### Exercise goal
The first line of the entries is where the copy starts and the line with "12月26日,宁波市公安局出" is where it ends; set down each line exactly, both ends included, and drop pictures.
BEGIN
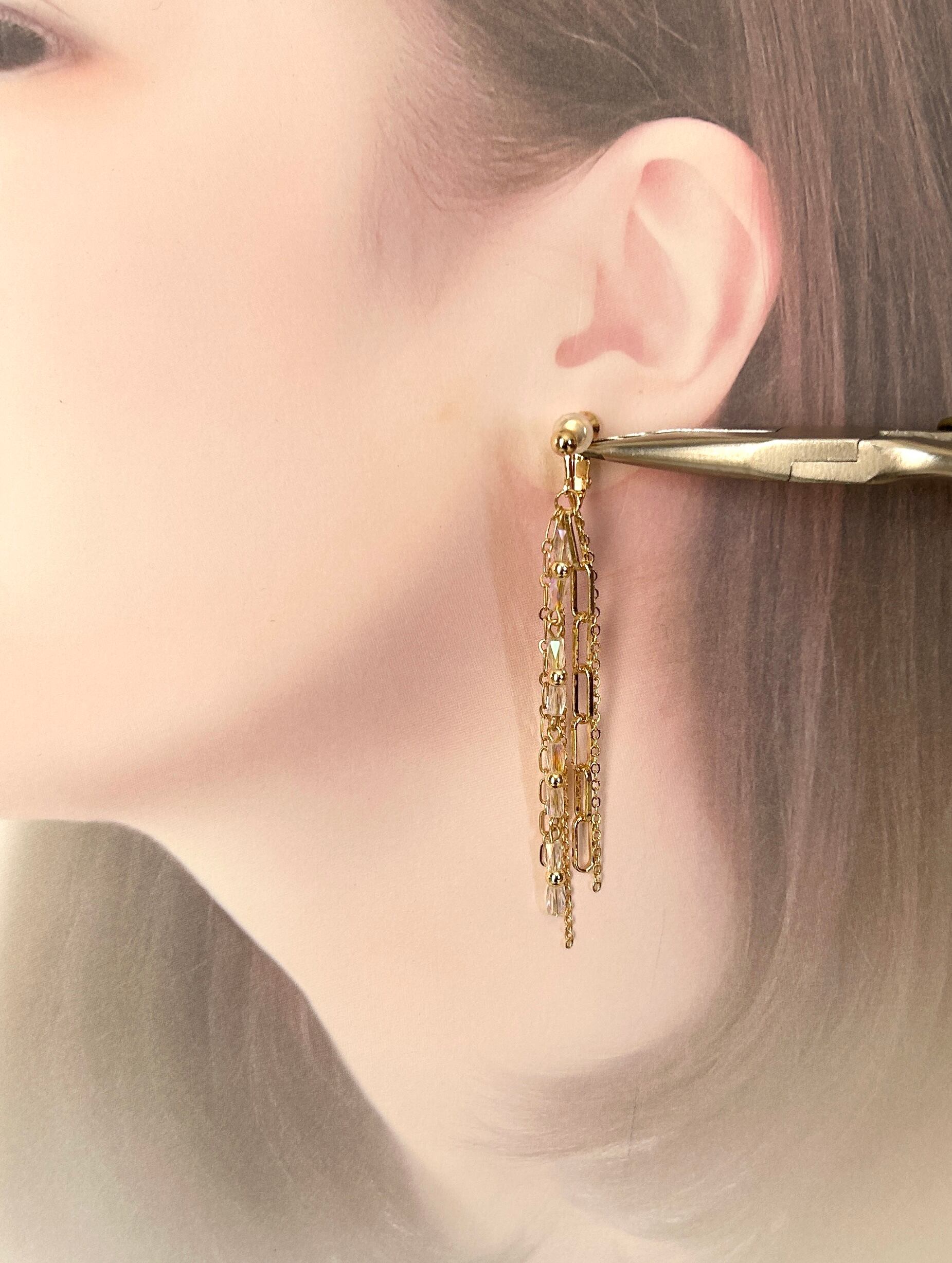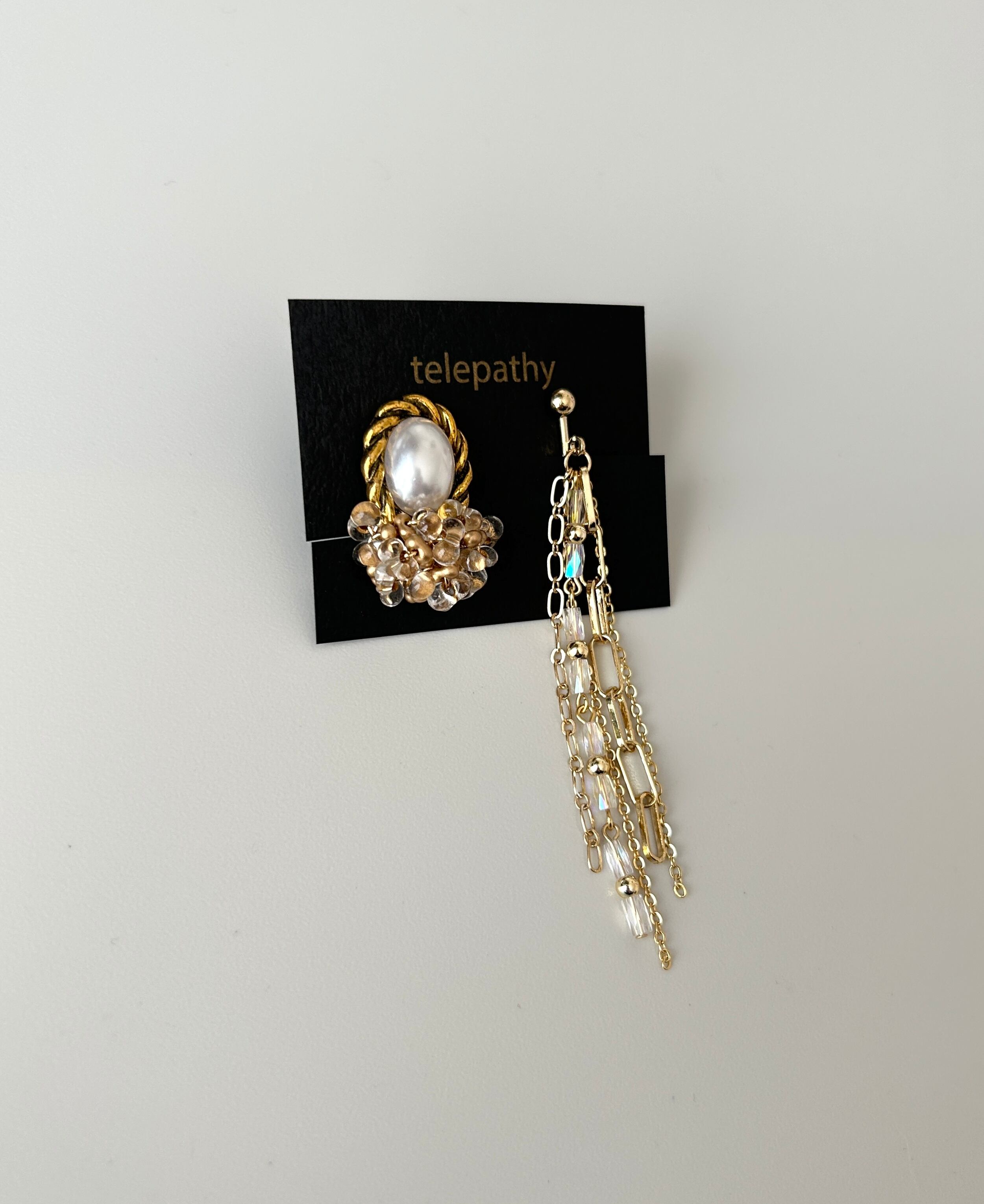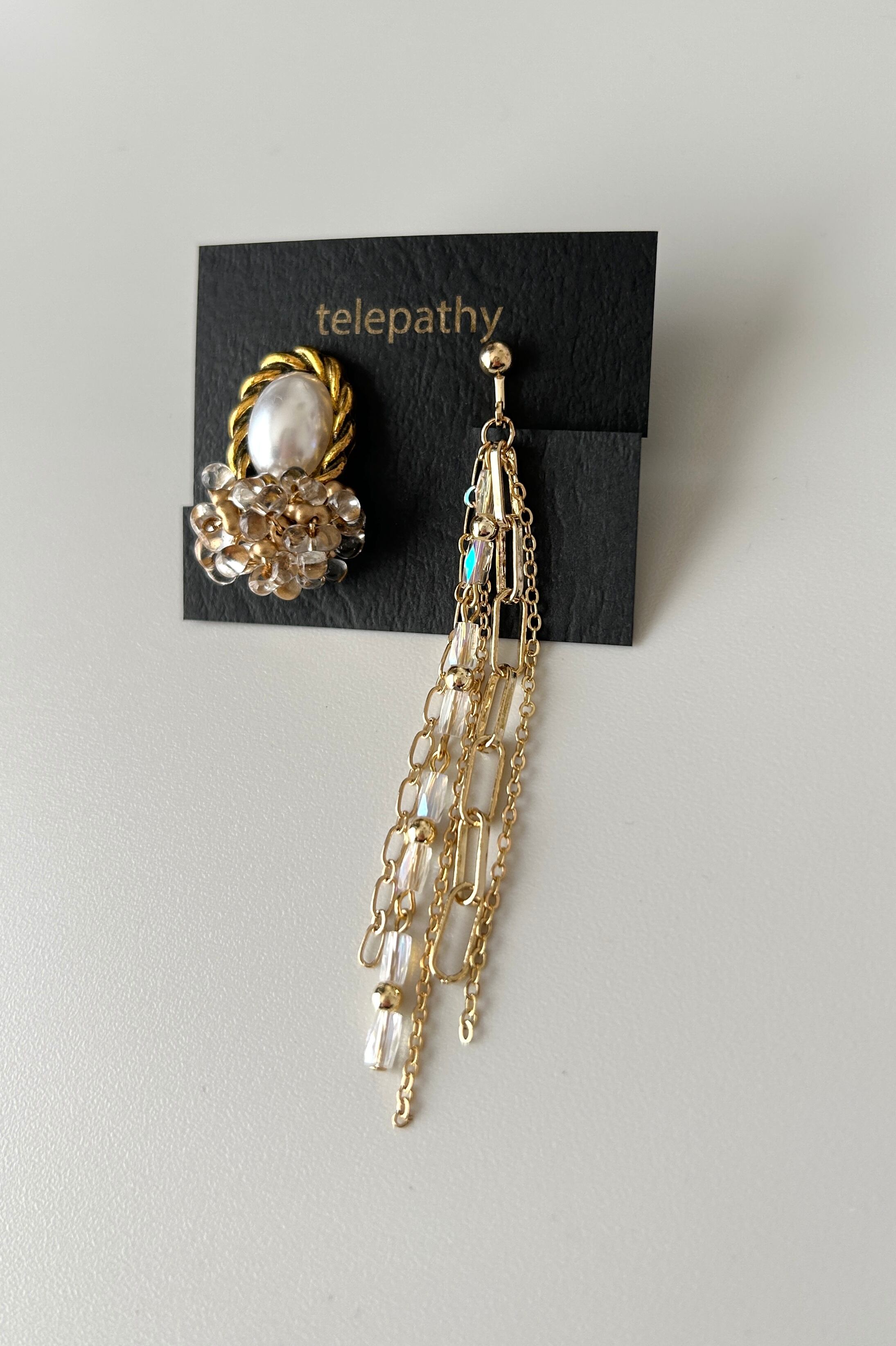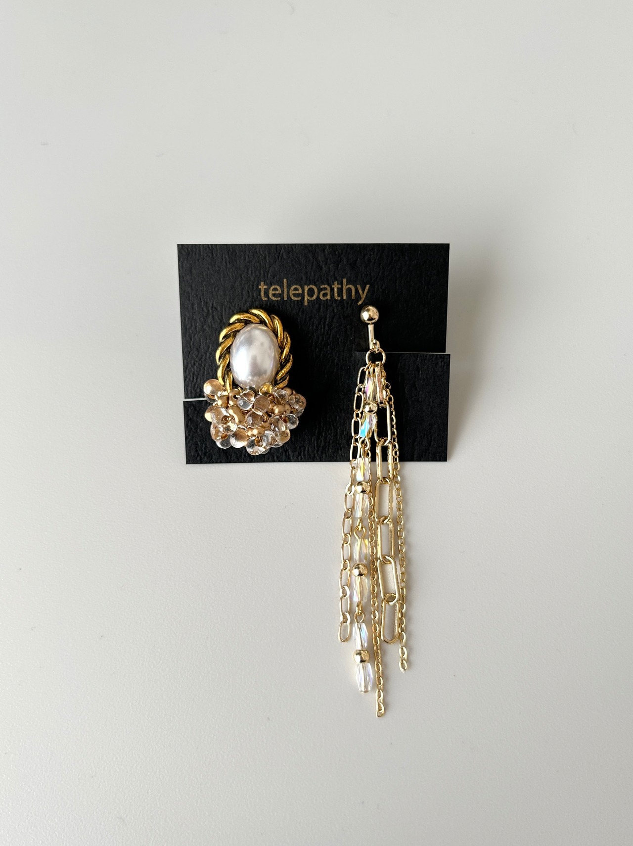 クラシカルパール&チェーンタッセル アシンメトリーイヤリング
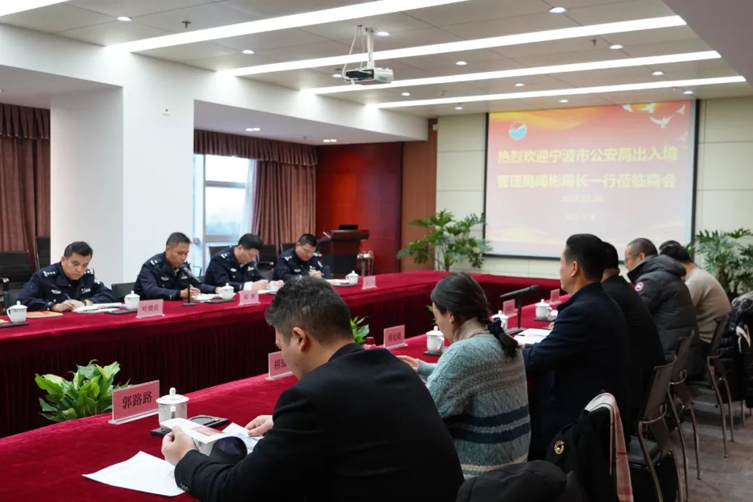 12月26日,宁波市公安局出入境管理局局长闻彬,宁波市公安局口岸签证签注处处长王东波一行到市侨商会,与商会代表进行了深入的指导交流。此次交流旨在加强政企合作,优化营商环境,共同推动宁波市的经济社会发展。 宁波市侨商会会长薛惊理,监事长傅旭敏,名誉会长兼执行会长朱海宏,执行会长相琼颖等参加了此次交流。
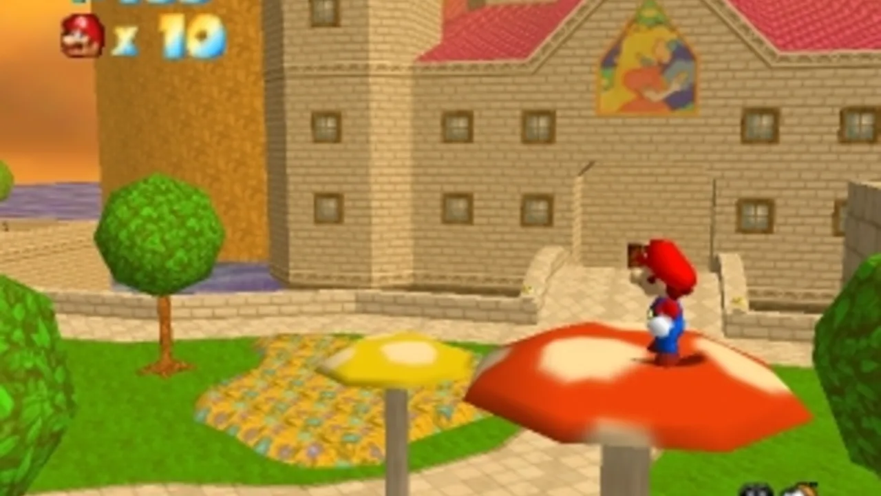 Mario is super in a whole new way! Combining the finest 3-D graphics ever developed for a video game and an explosive soundtrack, Super Mario 64 becomes a new standard for video games. It's packed with bruising battles, daunting obstacle courses, and underwater adventures. Retrieve the Power Stars from their hidden locations and confront your arch-nemesis— Bowser, King of the Koopas! • Run freely in a grassy meadow, tip-toe through a gloomy dungeon, climb to the top of a mountain, or take a swim in the moat! • Leap headfirst into a watery painting and soon you'll be searching for the surface in an underwater realm! • On-the-fly, 3-D rendered gameplay delivers the action of ruthless enemy attacks from every angle! • Find the Caps that give Mario super powers and ponder the mysteries of the pyramid; you can even race Koopas for fabulous prizes! • With the Nintendo 64 Controller and its analog Control Stick, Mario can crawl, kick down obstacles, swim, do reverse flips, and even stick the landing on his backwards somersault! • Saved game information is stored for up to four players in memory.
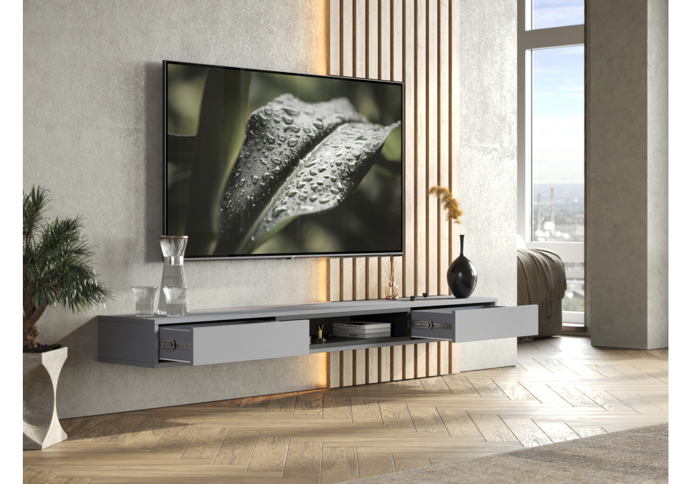 Купить "ТВ-тумба Woodville Делора 1,8м шиншилла серая / черный 674721"
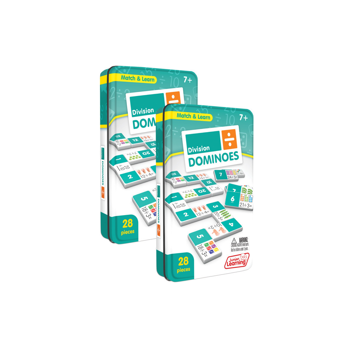 Sold as a pack of 2 sets, each 28-piece set of dominoes teaches division
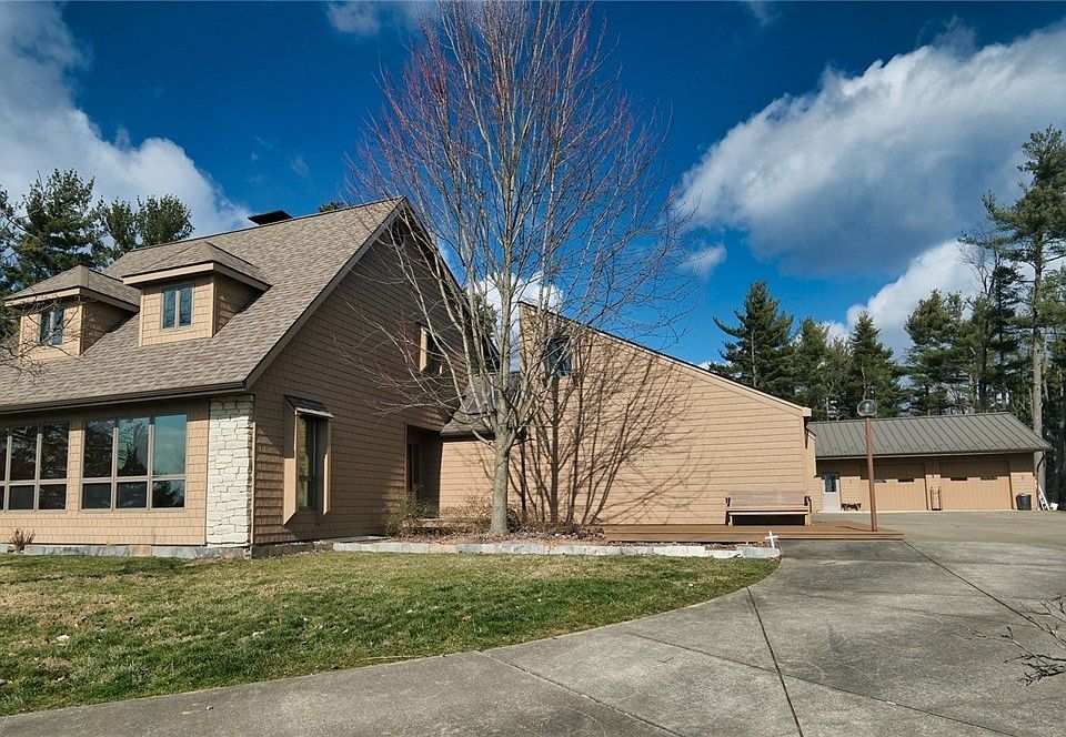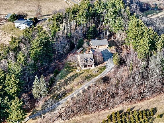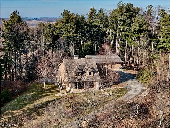 One of a kind property on a hilltop setting with stellar views! There were no corners cut when this home was built. Home has large living room with several windows overlooking the valley, Schrock kitchen, dining area and full bath with laundry area. Main level also has sunroom leading out to beautiful private back patio with firepit. Upper level of the home has large master with walk in closet, two additional bedrooms and full bath. Lower level has large finished space for an office or additional living space. Attached garage has upstairs loft. There is a 1300 sq. ft. detached garage that is fully insulated and finished, 3 garage doors, electric and water. Truly unique property within 6 miles of Atwood and 3.5 miles to New Phila. All seller owned mineral rights to transfer. Several fruit trees, grape arbor, and flowering plants. Make a few cosmetic updates and make this home your own!
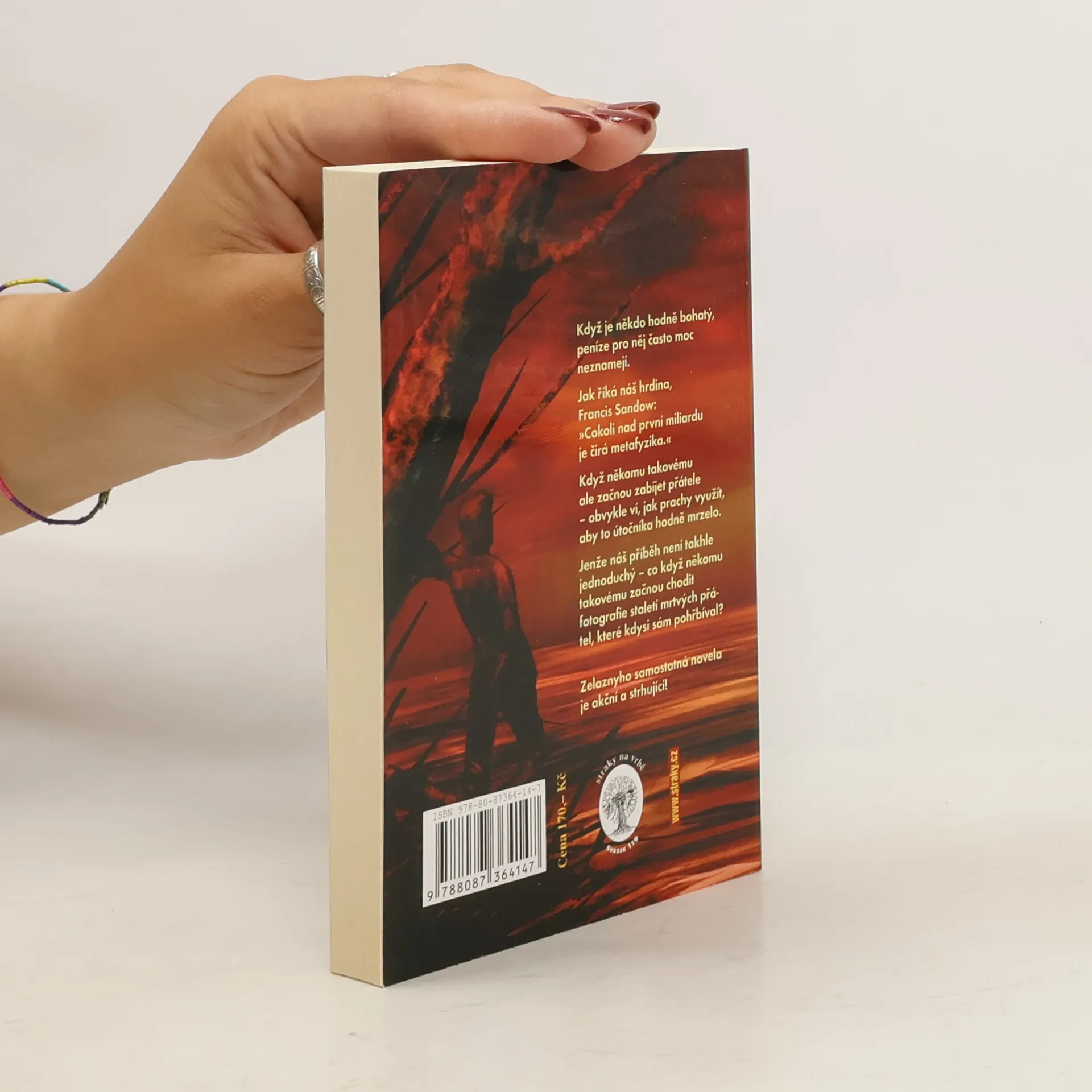 Když je někdo hodně bohatý, peníze pro něj často moc neznamenají. Jak říká náš hrdina, Francis Sandow: „Cokoli nad první miliardu je čirá metafyzika." Když někomu takovému ale začnou zabíjet přátele, tak obvykle ví, jak prachy využít, aby to útočníka hodně mrzelo. Jenže náš příběh není takhle jednoduchý – co když někomu takovému začnou chodit fotografie staletí mrtvých přátel, které kdysi sám pohřbíval? Zelaznyho samostatná novela je akční a strhující!
END
### Solution for this task
 クラシカルパール&チェーンタッセル アシンメトリーイヤリング
 12月26日,宁波市公安局出入境管理局局长闻彬,宁波市公安局口岸签证签注处处长王东波一行到市侨商会,与商会代表进行了深入的指导交流。此次交流旨在加强政企合作,优化营商环境,共同推动宁波市的经济社会发展。 宁波市侨商会会长薛惊理,监事长傅旭敏,名誉会长兼执行会长朱海宏,执行会长相琼颖等参加了此次交流。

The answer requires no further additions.